The data below holds a line containing "Yagnik Institute App" and a line containing "MCM新款 王菲款 虎纹反光皮 中号双肩包批发"; please quote exactly those two lines and every line between them, and nothing else.

Data extracts ::
==============================
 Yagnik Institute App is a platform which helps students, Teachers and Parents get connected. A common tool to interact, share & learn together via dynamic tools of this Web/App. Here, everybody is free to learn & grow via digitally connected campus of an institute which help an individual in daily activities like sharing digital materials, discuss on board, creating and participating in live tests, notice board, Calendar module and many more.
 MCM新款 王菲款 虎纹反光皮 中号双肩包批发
==============================
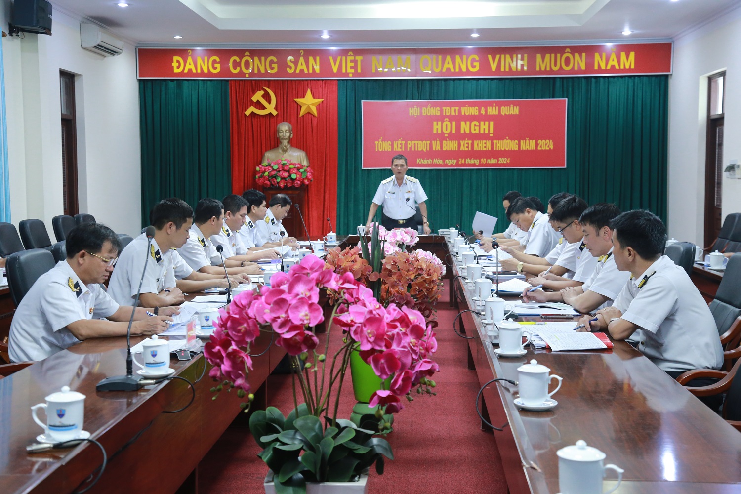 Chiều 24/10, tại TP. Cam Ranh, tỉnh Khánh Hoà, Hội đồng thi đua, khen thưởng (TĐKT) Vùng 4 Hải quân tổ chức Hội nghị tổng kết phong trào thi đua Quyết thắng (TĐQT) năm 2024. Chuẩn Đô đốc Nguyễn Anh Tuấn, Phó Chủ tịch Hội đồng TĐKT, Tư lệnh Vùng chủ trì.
==============================
Expected answer ::
 Yagnik Institute App is a platform which helps students, Teachers and Parents get connected. A common tool to interact, share & learn together via dynamic tools of this Web/App. Here, everybody is free to learn & grow via digitally connected campus of an institute which help an individual in daily activities like sharing digital materials, discuss on board, creating and participating in live tests, notice board, Calendar module and many more.
 MCM新款 王菲款 虎纹反光皮 中号双肩包批发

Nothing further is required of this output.